“Had you no other instructor?” inquired Helen.
“Oh yes. Father Fabian. He instructed me in the divine mysteries of our holy faith. He has been my director ever since I was a little child. But how was it with you, dear Helen?”
“I have lived a great deal with Protestants, May,” replied Helen, after a short pause. “My father was a major in the army—the only brother of the old man here. He was a Catholic, but he was always so full of official business that he had very little time to attend to religion, and all that kind of thing. His official duties engrossed his time entirely. But he always impressed it on my mind that it would be extremely dishonorable not to avow myself a Catholic when occasions demanded it; and I believe he would have been pleased to see me practise my faith. I was sent to a convent school in Louisiana when I was ten years of age, but was suddenly removed, to accompany my father to Boston, to which place he was ordered. There I was surrounded by persons of fashion and position, who made eyes at me when I told them I was a Catholic, and declared I would lose caste if I went to a church which was attended only by the ‘low Irish, and servant girls.’ Then I heard Catholics derided as superstitious and ignorant, until, I must confess it, I grew ashamed of being one. My father was too busy to think of me,—he always saw me well-dressed and in good company, and imagined that all else was going well with me; while I, proud, flattered, and enjoying the world, fancied that it was of little importance while I was so young. My poor father was a brave and gallant officer; and I think when he sometimes declared with a dignified air that ’he and his daughter were Catholics,’ it was more from the feeling which makes a soldier swear by his flag, than any higher motive. This has been my religious training; but my dear, indulgent father is dead—gone for ever, and I am here—here—Oh, May!” and Helen wept on May’s shoulder.
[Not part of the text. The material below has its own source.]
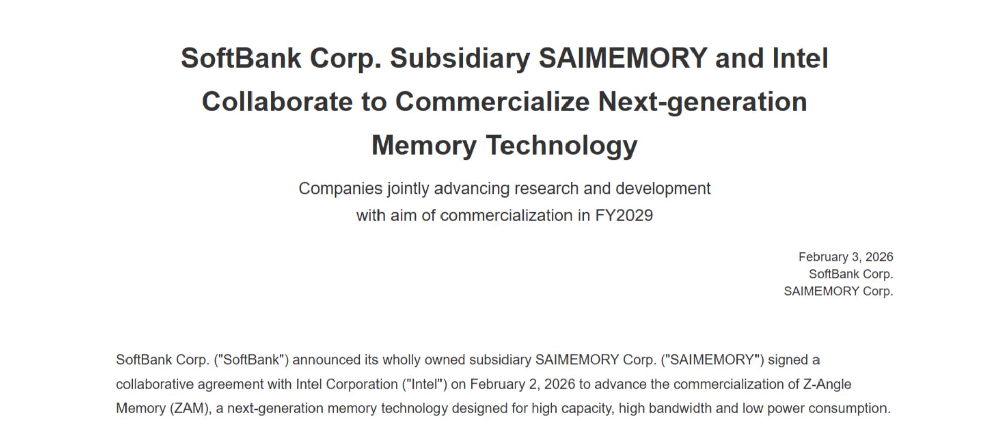 二、Saimemory去年12月成立,依托英特尔技术积淀推进研发据软银今日公告,Saimemory成立于2024年12月,是软银集团旗下专注于下一代存储技术商业化研发的全资子公司,此次与英特尔的合作,也是其成立后的重要核心布局。

“And how, dear Helen, did my uncle die?” said May, in a tone of tender sympathy.
“Very suddenly. He was not conscious from the moment he was taken ill until he died,” she replied.
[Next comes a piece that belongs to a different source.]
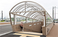 また、手を添えておくだけ、摺りながら移動するときは円断面の手すりと同じでスムーズに使え、円断面の手すりより手に自然にフィットする点有利であると思われます。多種類の手すりを見てきましたが、この卵形断面の手すりは個人的には十分良い評価をしたいと思います。

May could not utter a word. Her heart was filled with a strange horror at the idea of that sudden and unprovided death. She could have cried out with anguish for that soul, which, in the midst of its careless pride and criminal indifference, had been summoned by an inexorable decree to the tribunal of judgment! where it appeared alone—alone—alone, to be weighed in the balance of justice. “But, perhaps, sweet Jesus!” she whispered; “oh, perhaps, Thou didst in the last struggle hear it from its abyss of misery plead for mercy; perhaps, through thy bitter passion and death Thou didst rescue him from eternal woe—”
“What are you saying, May! No doubt I have shocked you; you are so very pious!”